Egypt President Abdel Fattah Al-Sisi has waded into the debate over the publication of cartoons of the Prophet Muhammad, saying that freedom of speech "stops" when Muslims are offended.

The comments come after Al-Azhar University - one of preeminent places of learning for Sunni scholars - called on the international community to criminalse "anti-Muslim" sentiments.

President Emmanuel Macron has defended the publication of the cartoons by satirical French magazine Charlie Hebdo and promotion of them by activists, after the murder of a schoolteacher who had shown students the offending images.

For many in France the publication has become a free speech issue, but Sisi said that such actions should stop if they hurt Muslims.

"We also have rights. We have the right for our feelings not to be hurt and for our values not to be hurt," Sisi said during a speech to commemorate the Prophet Muhammad's birthday.

"Please, stop hurting us," Sisi said. "To insult the prophets amounts to underestimating the religious beliefs of many people."

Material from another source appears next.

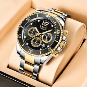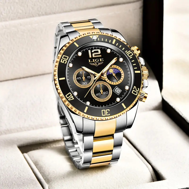 Acero plateado con acentos dorados y bisel negro. Se siente sólido, seguro y elegante sin esfuerzo.

He then went on to criticise France's claims that the illustrations of the Prophet Muhammad is a fundamental aspect of free speech.

"And if some have the freedom to express what is in their thoughts I imagine that this stops when it comes to offending the feelings of more than 1.5 billion people," he added

Macron insists the government is only against "Islamism" and extremism and not Islam, but the debate has seen him engaged in a diplomatic dispute with Turkey's Recep Tayyip Erdogan.

Read also: French government shuts down major Muslim charity as 'Islamophobic' anti-extremism campaign continues

Sisi has engaged in his own crackdown on Islamists and free-speech advocates.

Since the military overthrew Egypt’s first democratically-elected government in 2013, Sisi has banned the Muslim Brotherhood and thrown thousands of its supporters in jail.